Wilson’s departure comes as public ratings of Jabil on employee review platform Indeed have trended downward from 3.04 in 2022 to 2.92 in 2024, out of 3,900 reviews and with 5.0 as the highest. Jabil ranked below average in Indeed’s work wellbeing survey, scoring a 68. Overall, the company scored a 3.8 out of 5.0 on both Indeed and employee platform Glassdoor. Among the categories that employees can review, including work-life balance, pay, culture and job security, management scored the second-lowest, at 3.5.

An April review from a former Jabil recruiting coordinator in St. Petersburg, Fla., said it was mostly “a boys club with terrible communication.” An inspector currently at the company in Elmira, New York, said they loved the job but felt they were treated poorly. “All about who you know, who you are friends with, related to, or who you are dating,” the employee wrote. “HR is biased, good luck receiving any help when you are having any issue with a coworker or supervisor.”

However, other reviewers awarded the company five stars and said it was a great place to work with “outstanding” management, good pay and benefits, and a professional workplace culture.

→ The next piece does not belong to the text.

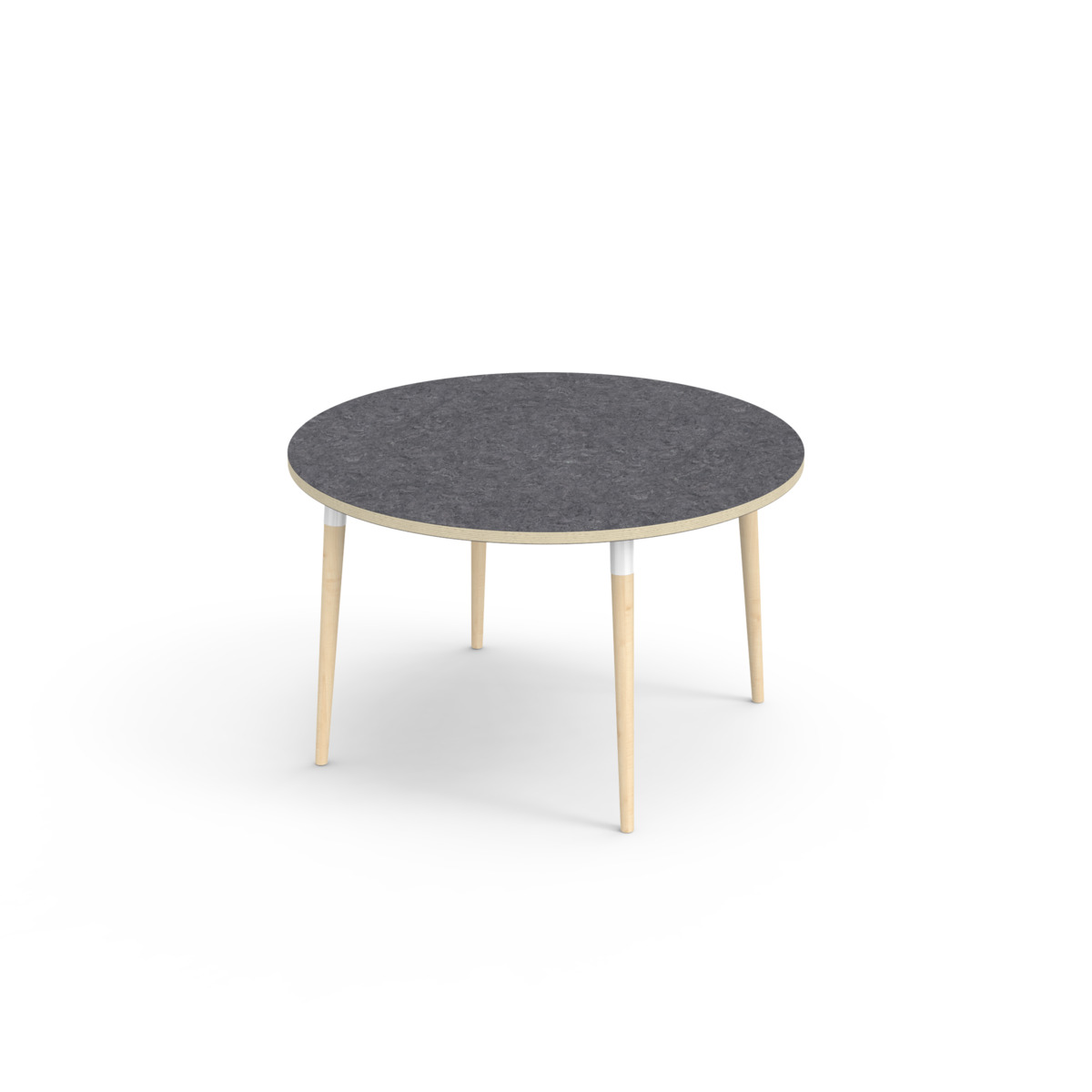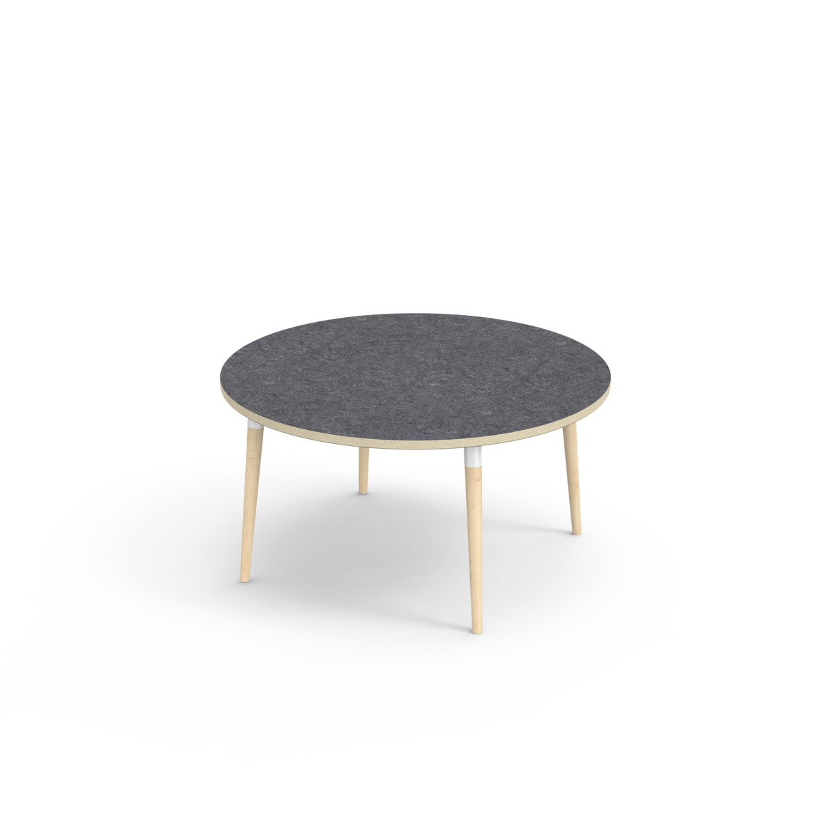 Bordplate belagt med akustisk linoleum, som gir en myk og behagelig overflate samtidig som den bidrar til et bedre lydmiljø. Med en hjørneradius på 40 mm får bordet et moderne og stilig design. Bena er koniske og laget av klarlakkert massiv bjørk og montert i en solid svart metallhylse. Denne konstruksjonen sikrer både stabilitet og holdbarhet. Bena er litt vinklet ut mot hjørnene på bordplaten, noe som gir bordet et unikt og estetisk tiltalende utseende. Monteringen er enkel – du trenger bare å feste metallhylsene tilfestepunktene i bordplaten.

Wilson had an 86% approval rating on Glassdoor.

His departure led to a full-scale shakeup at Jabil, which was another refrain among the constructive criticism employees had for the company. “Form some actual strategy around our vision statement. Stop randomly reorganizing in hopes of finding a savior,” wrote an employee on Comparably in a review directed at company leadership.

Jabil appointed CFO Michael Dastoor as interim CEO during the investigation, and on May 18, the board named Dastoor CEO to replace Wilson. To replace Dastoor, the new CFO is Gregory Hebard, the company’s former treasurer.

And Steven Borges, an executive who had taken leave as part of a planned retirement and had entered a mutual separation agreement, returned to his role on May 18 under the title of executive vice president of the company’s global business units. Jabil extended Borges’ employment with an amendment to his initial deal to retire. That separation agreement did not include the media provision included in Wilson’s deal.